= Task description =
Only the text of the records, copied exactly, is wanted; no pictures.

START Dataset records

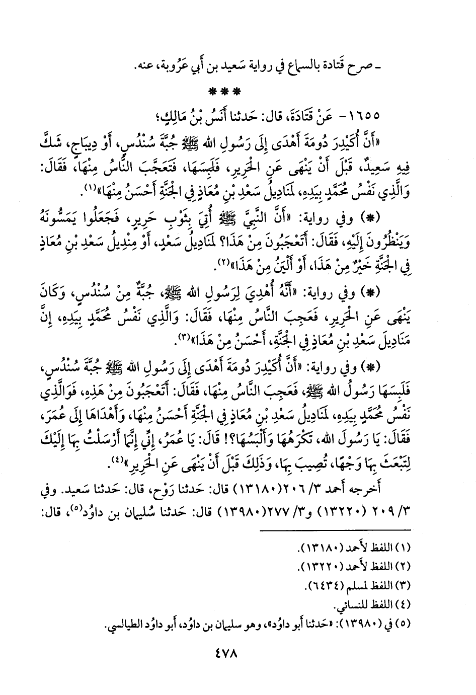 «أن أكيدر دومة أهدى إلى رسول الله صَلى الله عَليه وسَلم جبة سندس، أو ديباج، شك فيه سعيد، قبل أن ينهى عن الحرير، فلبسها، فتعجب الناس منها، فقال: والذي نفس محمد بيده، لمناديل سعد بن معاذ في الجنة أحسن منها» (¬١).
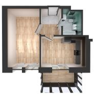 Площадь комнаты позволяет зонировать ее на спальную и гостевую зоны. В проекте функциональная прихожая, чтобы вам было удобно хранить свои вещи.
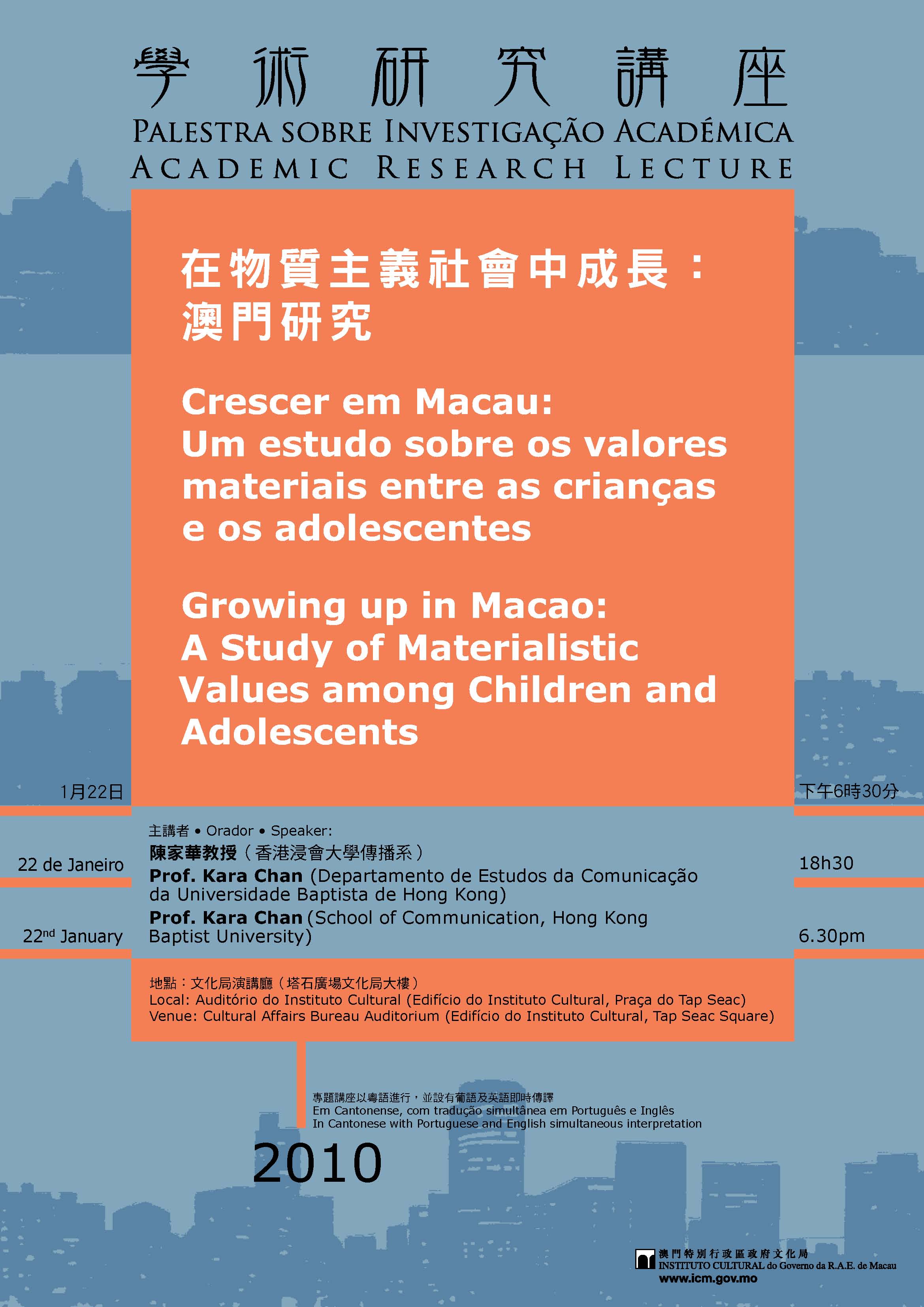 The Cultural Affairs Bureau of the Macao S.A.R. Government will organize an Academic Research Lecture in the Cultural Affairs Bureau Auditorium (Edifício do Instituto Cultural, Tap Seac Square, Macao) at 6:30pm on Friday 22 January. Kara Chan, Professor at the School of Communication, Hong Kong Baptist University, will give a lecture on “Growing up in Macao: A Study of Materialistic Values among Children and Adolescents”.
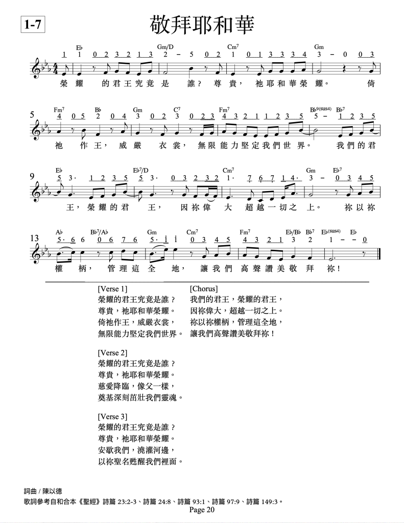 1-7. 《敬拜耶和華》- Worship the Lord Posted byyidechen26 Nov 20248 Dec 2025Posted inUncategorized ► Listen on YouTube 🎧 More Hymns ► Listen聽更多詩歌 ► PDF Score樂譜下載 Welcome to share Yi-De's music, performance, and article: Click to share on X (Opens in new window) X Click to share on Facebook (Opens in new window) Facebook Like Loading... Related Published by yidechen Yi-De Chen, composer View more posts
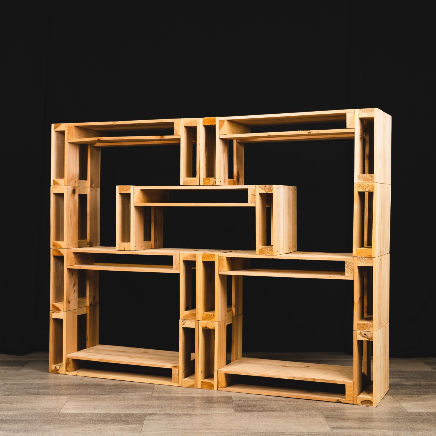 壁に立てかけるだけでもインテリアとして機能します。木と木の間のスペースをブックラック代わりに使ったり、傘立てやディスプレイとして活用したり。また、植物を飾れば壁面緑化も楽しめます。
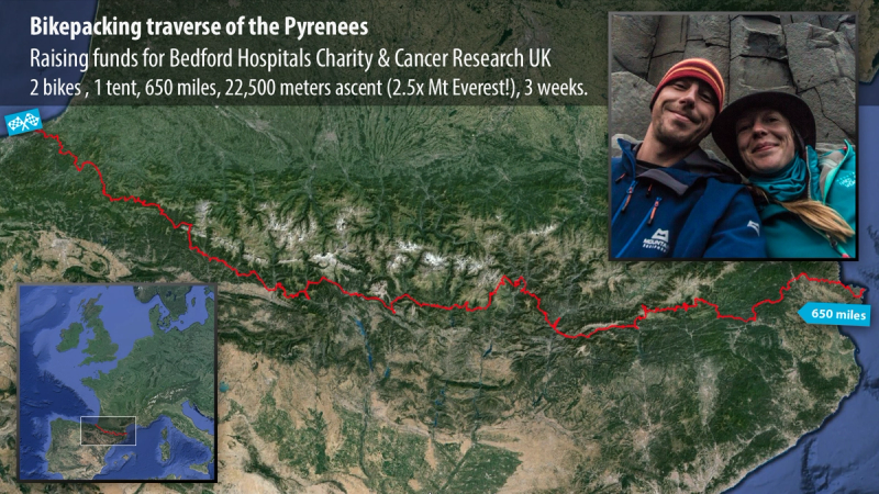 We have completed our 650 mile off-road traverse of the Pyrenees mountains and raised over £3,500 for The Bedford Hospitals Charity and Cancer Research UK.
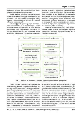 Целью данной научной статьи является исследование влияния цифровизации на систему управления человеческими ресурсами, в частности на HR-аналитику, а также выявление ключевых проблем, возникающих при цифровой трансформации HR-процессов, анализ возможных решений для эффективной интеграции цифровых инструментов в кадровый менеджмент современных организаций. В ходе исследования были выполнены следующие задачи. Проанализировано влияние цифровизации на систему управления человеческими ресурсами, включая HR-аналитику. Выявлены ключевые проблемы, возникающие при внедрении цифровых инструментов в HR-аналитику и кадровый менеджмент. Рассмотрены вопросы интеграции HR-аналитики с другими бизнес-системами (финансовыми, операционными, управленческими). Проанализированы проблемы масштабируемости HR-аналитики, её адаптации к изменениям бизнес-стратегий. Исследованы вопросы обеспечения информационной безопасности и конфиденциальности данных при цифровизации HR-процессов. Проведена оценка необходимости повышения квалификации HR-специалистов для эффективной работы с цифровыми инструментами. Изучены культурные и этические аспекты HR-аналитики, связанные с мониторингом сотрудников. Рассмотрены проблемы отсутствия единых стандартов HR-аналитики, усложняющие сравнение показателей между компаниями. Выявлены проблем коммуникации между подразделениями при внедрении HR-аналитики. Определено стратегическое значение цифровизации HR-аналитики для достижения бизнес-результатов.

END Dataset records

= Output =
 «أن أكيدر دومة أهدى إلى رسول الله صَلى الله عَليه وسَلم جبة سندس، أو ديباج، شك فيه سعيد، قبل أن ينهى عن الحرير، فلبسها، فتعجب الناس منها، فقال: والذي نفس محمد بيده، لمناديل سعد بن معاذ في الجنة أحسن منها» (¬١).
 Площадь комнаты позволяет зонировать ее на спальную и гостевую зоны. В проекте функциональная прихожая, чтобы вам было удобно хранить свои вещи.
 The Cultural Affairs Bureau of the Macao S.A.R. Government will organize an Academic Research Lecture in the Cultural Affairs Bureau Auditorium (Edifício do Instituto Cultural, Tap Seac Square, Macao) at 6:30pm on Friday 22 January. Kara Chan, Professor at the School of Communication, Hong Kong Baptist University, will give a lecture on “Growing up in Macao: A Study of Materialistic Values among Children and Adolescents”.
 1-7. 《敬拜耶和華》- Worship the Lord Posted byyidechen26 Nov 20248 Dec 2025Posted inUncategorized ► Listen on YouTube 🎧 More Hymns ► Listen聽更多詩歌 ► PDF Score樂譜下載 Welcome to share Yi-De's music, performance, and article: Click to share on X (Opens in new window) X Click to share on Facebook (Opens in new window) Facebook Like Loading... Related Published by yidechen Yi-De Chen, composer View more posts
 壁に立てかけるだけでもインテリアとして機能します。木と木の間のスペースをブックラック代わりに使ったり、傘立てやディスプレイとして活用したり。また、植物を飾れば壁面緑化も楽しめます。
 We have completed our 650 mile off-road traverse of the Pyrenees mountains and raised over £3,500 for The Bedford Hospitals Charity and Cancer Research UK.
 Целью данной научной статьи является исследование влияния цифровизации на систему управления человеческими ресурсами, в частности на HR-аналитику, а также выявление ключевых проблем, возникающих при цифровой трансформации HR-процессов, анализ возможных решений для эффективной интеграции цифровых инструментов в кадровый менеджмент современных организаций. В ходе исследования были выполнены следующие задачи. Проанализировано влияние цифровизации на систему управления человеческими ресурсами, включая HR-аналитику. Выявлены ключевые проблемы, возникающие при внедрении цифровых инструментов в HR-аналитику и кадровый менеджмент. Рассмотрены вопросы интеграции HR-аналитики с другими бизнес-системами (финансовыми, операционными, управленческими). Проанализированы проблемы масштабируемости HR-аналитики, её адаптации к изменениям бизнес-стратегий. Исследованы вопросы обеспечения информационной безопасности и конфиденциальности данных при цифровизации HR-процессов. Проведена оценка необходимости повышения квалификации HR-специалистов для эффективной работы с цифровыми инструментами. Изучены культурные и этические аспекты HR-аналитики, связанные с мониторингом сотрудников. Рассмотрены проблемы отсутствия единых стандартов HR-аналитики, усложняющие сравнение показателей между компаниями. Выявлены проблем коммуникации между подразделениями при внедрении HR-аналитики. Определено стратегическое значение цифровизации HR-аналитики для достижения бизнес-результатов.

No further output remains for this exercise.